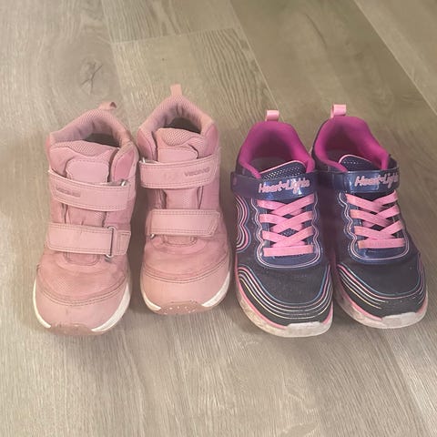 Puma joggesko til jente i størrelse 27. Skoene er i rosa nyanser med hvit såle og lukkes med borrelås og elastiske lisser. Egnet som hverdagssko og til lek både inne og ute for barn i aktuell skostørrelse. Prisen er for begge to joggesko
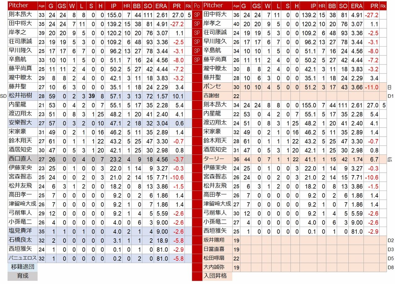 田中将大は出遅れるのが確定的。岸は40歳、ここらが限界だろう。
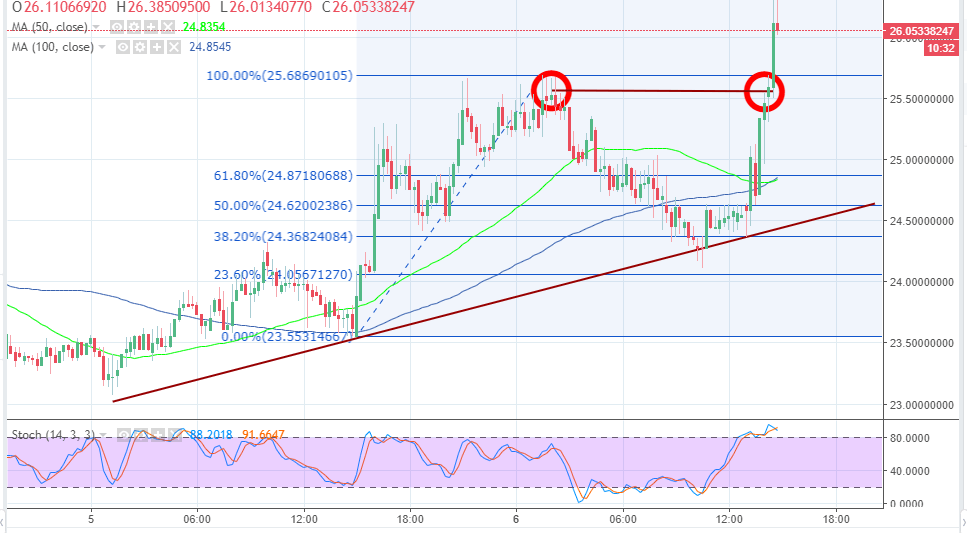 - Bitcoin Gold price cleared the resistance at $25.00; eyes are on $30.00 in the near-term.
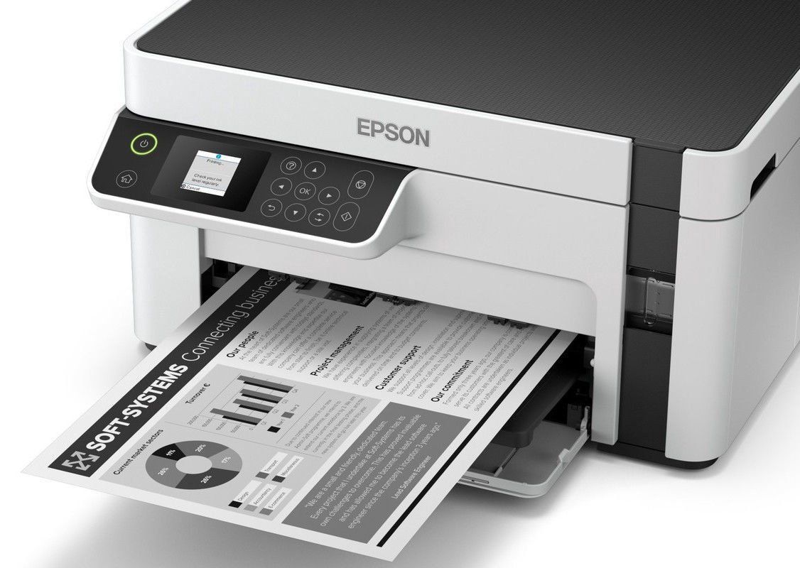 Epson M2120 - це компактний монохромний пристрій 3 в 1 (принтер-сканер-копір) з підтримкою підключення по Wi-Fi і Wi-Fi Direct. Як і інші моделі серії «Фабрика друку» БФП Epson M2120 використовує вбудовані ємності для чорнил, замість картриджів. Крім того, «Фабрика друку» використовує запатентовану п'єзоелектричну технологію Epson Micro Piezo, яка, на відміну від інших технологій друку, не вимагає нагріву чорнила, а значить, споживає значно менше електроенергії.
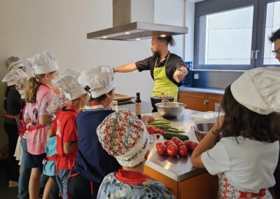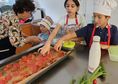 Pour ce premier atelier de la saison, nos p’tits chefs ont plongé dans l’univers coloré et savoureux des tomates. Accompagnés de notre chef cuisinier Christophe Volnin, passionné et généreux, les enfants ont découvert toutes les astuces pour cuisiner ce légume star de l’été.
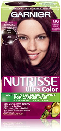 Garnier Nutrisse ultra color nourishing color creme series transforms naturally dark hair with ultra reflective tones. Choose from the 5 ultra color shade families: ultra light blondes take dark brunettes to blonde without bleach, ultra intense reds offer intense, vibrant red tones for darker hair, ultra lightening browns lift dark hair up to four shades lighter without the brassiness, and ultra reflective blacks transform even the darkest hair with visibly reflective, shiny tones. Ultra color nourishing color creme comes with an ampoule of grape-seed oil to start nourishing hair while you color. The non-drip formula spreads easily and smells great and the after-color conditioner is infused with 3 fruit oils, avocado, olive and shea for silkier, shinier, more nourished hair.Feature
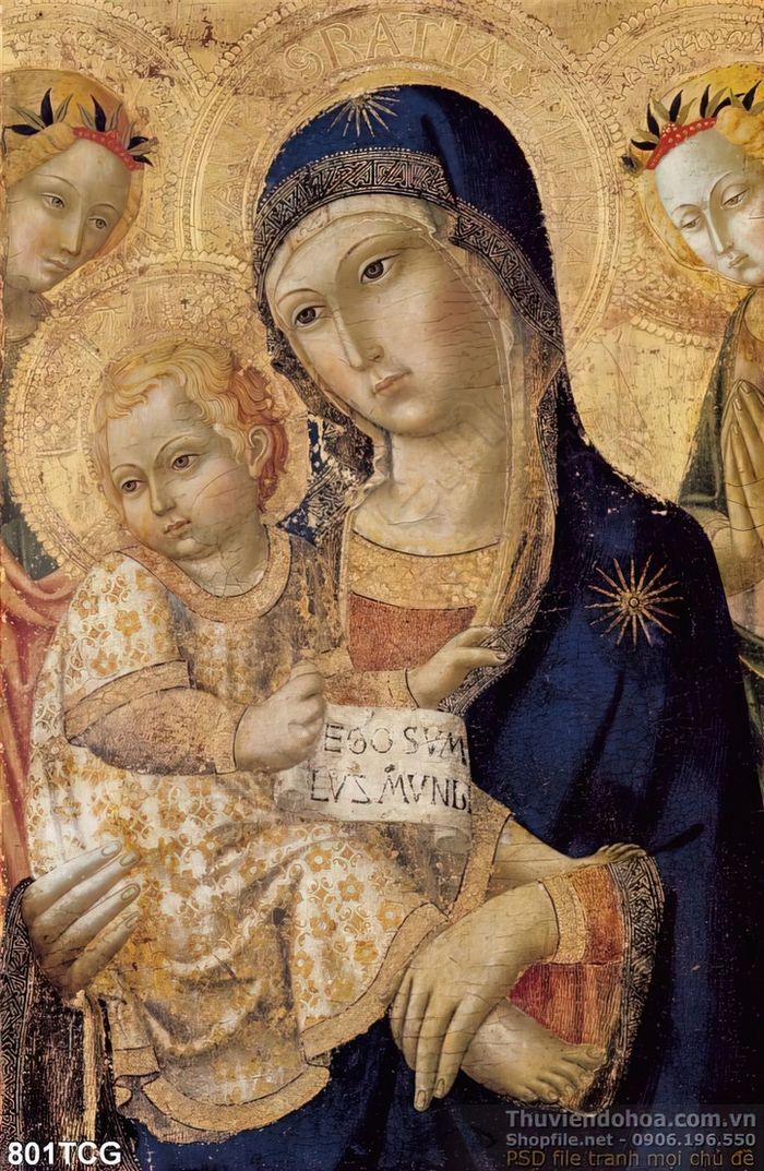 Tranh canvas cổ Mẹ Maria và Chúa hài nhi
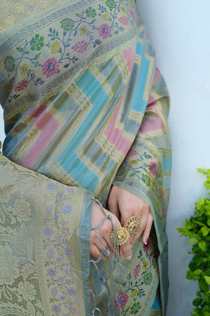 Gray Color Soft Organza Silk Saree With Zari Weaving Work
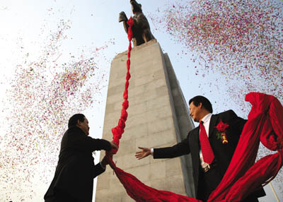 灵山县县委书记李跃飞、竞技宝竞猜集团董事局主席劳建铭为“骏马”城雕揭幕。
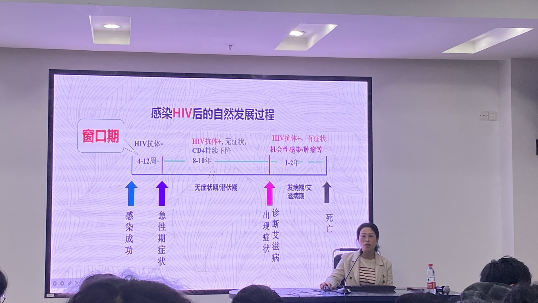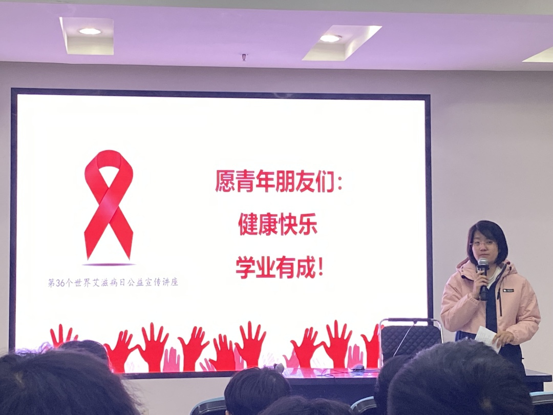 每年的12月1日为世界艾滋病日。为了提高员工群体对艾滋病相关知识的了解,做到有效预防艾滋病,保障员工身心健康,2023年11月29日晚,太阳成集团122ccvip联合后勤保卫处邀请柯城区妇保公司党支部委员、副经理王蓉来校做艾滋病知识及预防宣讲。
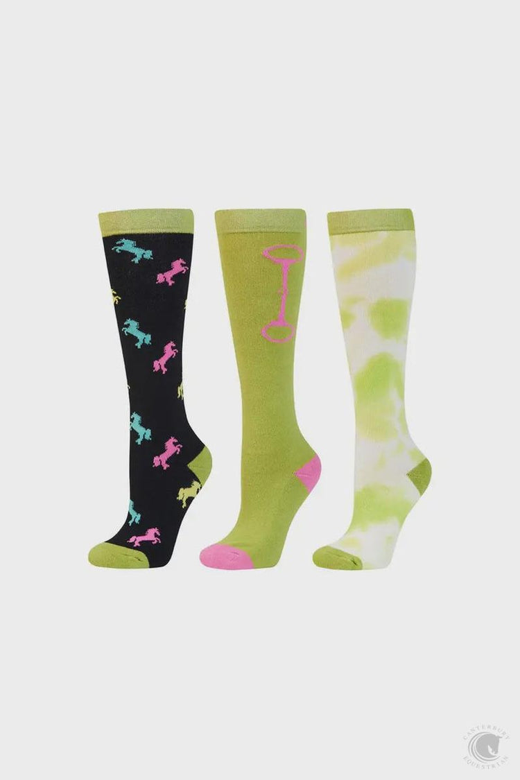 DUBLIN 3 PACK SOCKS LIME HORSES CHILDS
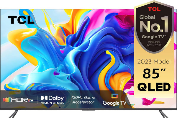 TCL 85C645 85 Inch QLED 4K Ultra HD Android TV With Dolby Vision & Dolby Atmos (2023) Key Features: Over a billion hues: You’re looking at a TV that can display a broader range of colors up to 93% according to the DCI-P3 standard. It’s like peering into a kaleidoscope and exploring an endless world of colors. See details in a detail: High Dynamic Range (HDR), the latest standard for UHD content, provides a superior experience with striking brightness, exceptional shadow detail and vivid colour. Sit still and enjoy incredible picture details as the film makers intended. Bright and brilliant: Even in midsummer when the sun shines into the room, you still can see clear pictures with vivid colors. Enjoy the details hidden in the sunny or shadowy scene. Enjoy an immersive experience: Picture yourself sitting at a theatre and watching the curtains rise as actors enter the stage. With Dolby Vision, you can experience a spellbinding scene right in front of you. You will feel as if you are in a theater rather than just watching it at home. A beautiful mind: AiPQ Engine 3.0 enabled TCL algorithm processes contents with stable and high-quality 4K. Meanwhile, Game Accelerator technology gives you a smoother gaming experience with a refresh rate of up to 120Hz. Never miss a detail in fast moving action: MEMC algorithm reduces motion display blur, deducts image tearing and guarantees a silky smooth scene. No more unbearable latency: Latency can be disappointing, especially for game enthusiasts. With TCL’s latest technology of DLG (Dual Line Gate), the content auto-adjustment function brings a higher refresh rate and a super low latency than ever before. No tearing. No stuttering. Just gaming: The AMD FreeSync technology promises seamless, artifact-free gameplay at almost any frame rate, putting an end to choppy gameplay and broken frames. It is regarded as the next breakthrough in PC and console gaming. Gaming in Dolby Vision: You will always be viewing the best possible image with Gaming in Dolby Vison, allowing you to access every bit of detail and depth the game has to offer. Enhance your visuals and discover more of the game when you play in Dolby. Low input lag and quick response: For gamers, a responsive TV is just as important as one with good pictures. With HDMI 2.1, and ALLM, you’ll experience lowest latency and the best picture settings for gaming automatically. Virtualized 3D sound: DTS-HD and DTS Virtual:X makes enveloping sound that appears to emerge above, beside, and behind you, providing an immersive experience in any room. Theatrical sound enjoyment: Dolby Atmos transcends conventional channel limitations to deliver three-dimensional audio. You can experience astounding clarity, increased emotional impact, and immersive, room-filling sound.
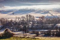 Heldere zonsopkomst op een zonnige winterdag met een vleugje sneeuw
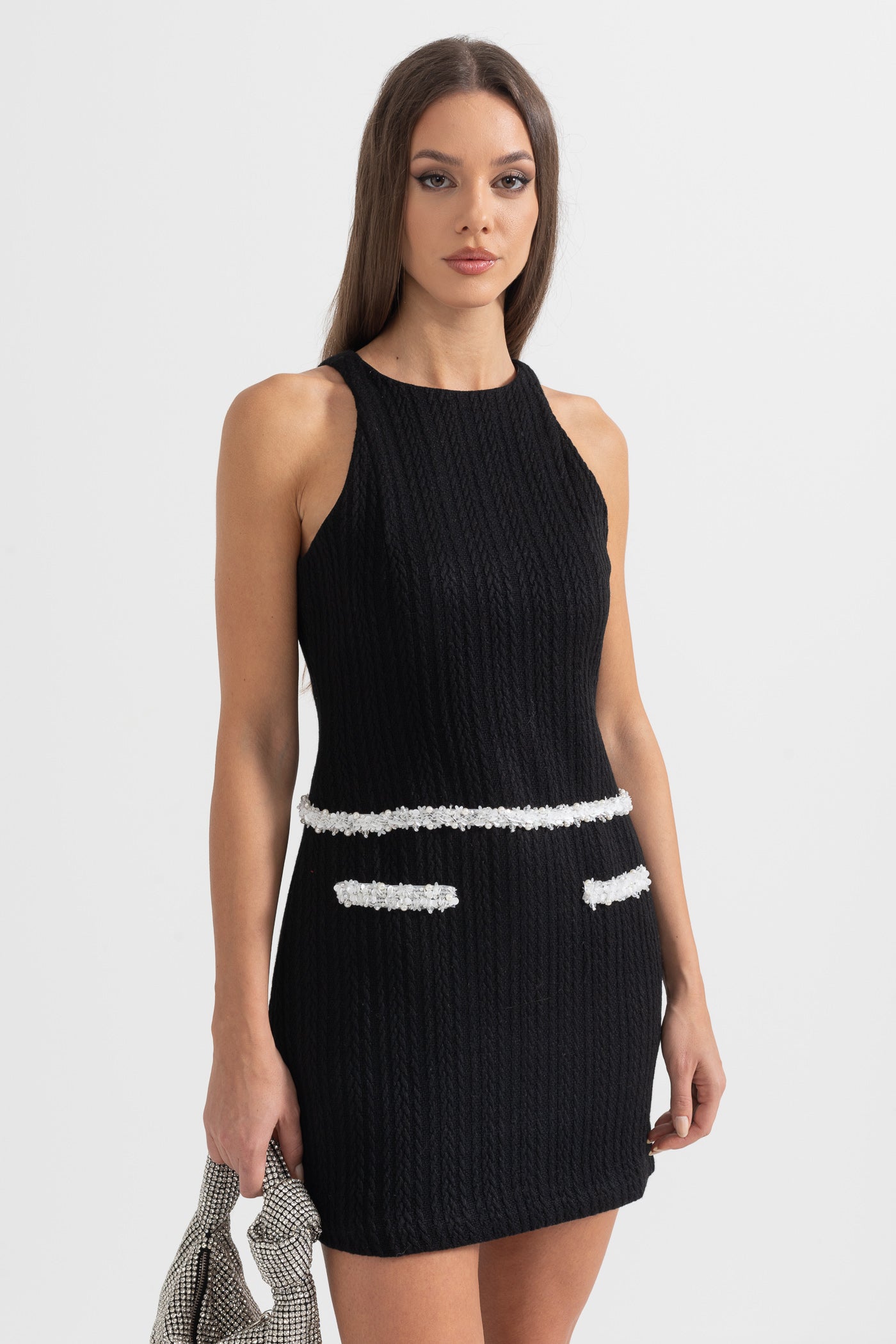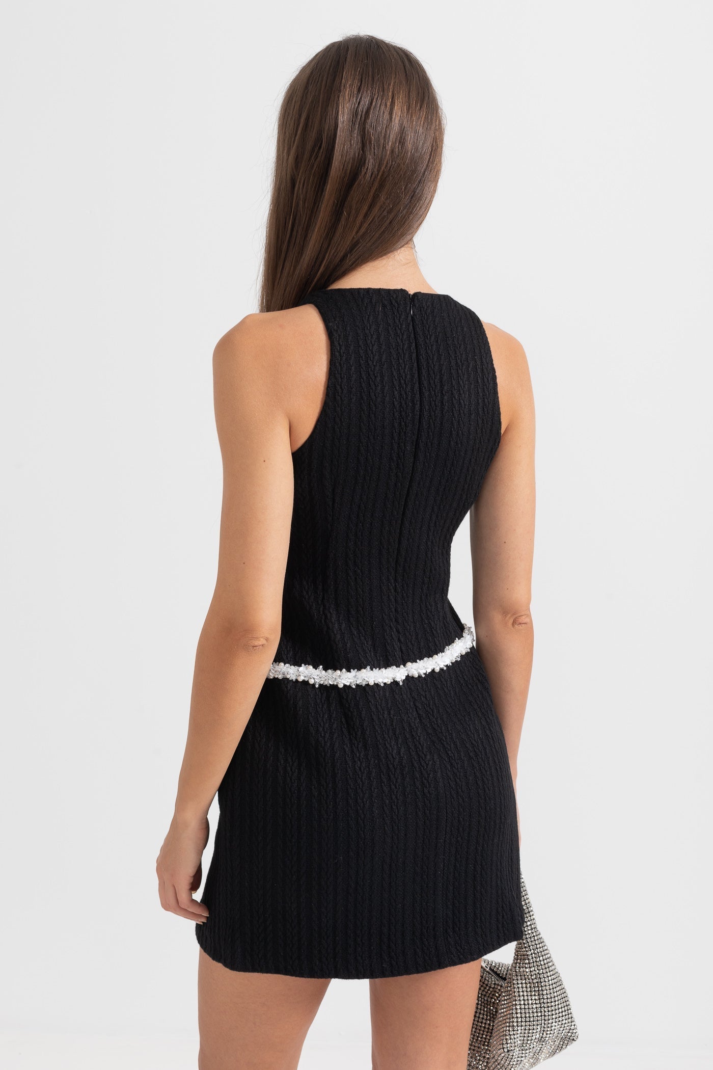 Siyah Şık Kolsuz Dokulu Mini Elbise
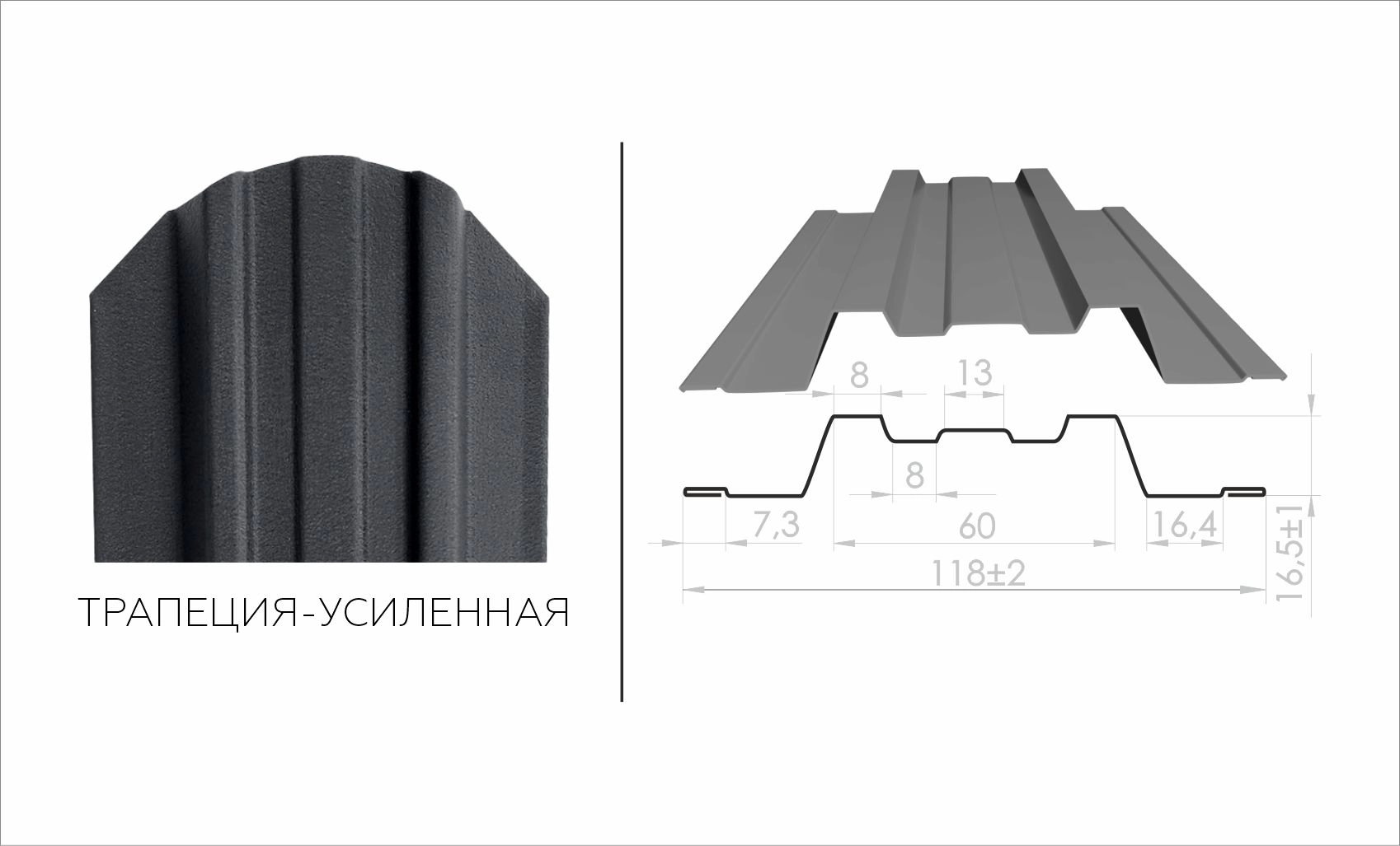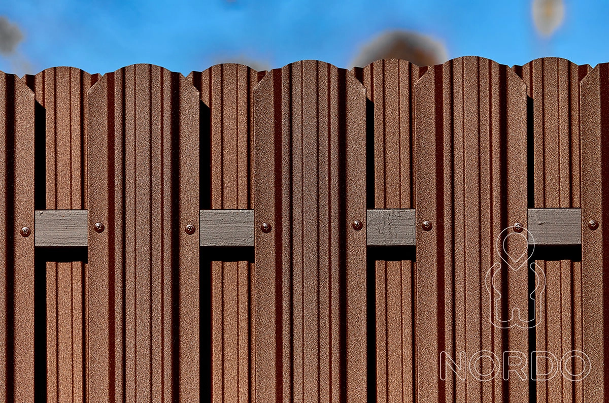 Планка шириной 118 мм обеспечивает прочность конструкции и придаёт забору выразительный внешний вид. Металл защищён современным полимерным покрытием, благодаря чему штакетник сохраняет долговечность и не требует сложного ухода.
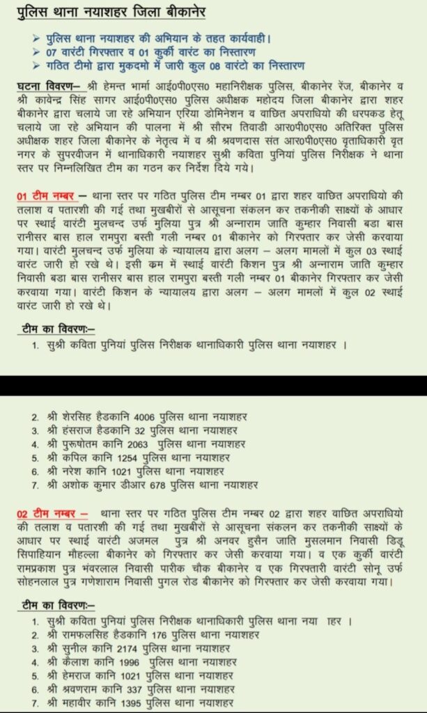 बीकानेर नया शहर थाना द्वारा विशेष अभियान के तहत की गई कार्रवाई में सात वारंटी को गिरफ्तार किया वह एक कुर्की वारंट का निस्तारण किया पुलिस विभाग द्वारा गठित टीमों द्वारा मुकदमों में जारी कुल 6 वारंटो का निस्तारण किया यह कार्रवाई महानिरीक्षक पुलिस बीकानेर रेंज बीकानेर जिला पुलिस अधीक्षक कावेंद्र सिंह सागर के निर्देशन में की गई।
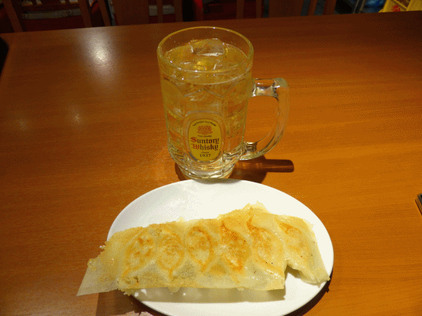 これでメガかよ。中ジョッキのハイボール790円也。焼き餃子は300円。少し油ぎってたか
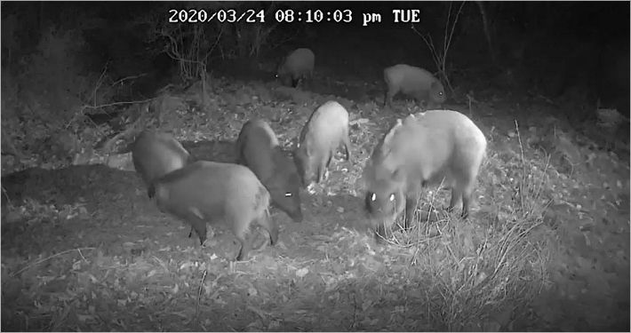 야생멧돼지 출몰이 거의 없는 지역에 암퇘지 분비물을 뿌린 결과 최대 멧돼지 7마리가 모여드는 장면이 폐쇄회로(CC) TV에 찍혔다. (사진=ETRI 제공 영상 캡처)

____

# Problem description
Retype only the lines above from the one with "बीकानेर नया शहर" through the last, both ends included, keeping every picture out of the copy.

# Completed task
 बीकानेर नया शहर थाना द्वारा विशेष अभियान के तहत की गई कार्रवाई में सात वारंटी को गिरफ्तार किया वह एक कुर्की वारंट का निस्तारण किया पुलिस विभाग द्वारा गठित टीमों द्वारा मुकदमों में जारी कुल 6 वारंटो का निस्तारण किया यह कार्रवाई महानिरीक्षक पुलिस बीकानेर रेंज बीकानेर जिला पुलिस अधीक्षक कावेंद्र सिंह सागर के निर्देशन में की गई।
 これでメガかよ。中ジョッキのハイボール790円也。焼き餃子は300円。少し油ぎってたか
 야생멧돼지 출몰이 거의 없는 지역에 암퇘지 분비물을 뿌린 결과 최대 멧돼지 7마리가 모여드는 장면이 폐쇄회로(CC) TV에 찍혔다. (사진=ETRI 제공 영상 캡처)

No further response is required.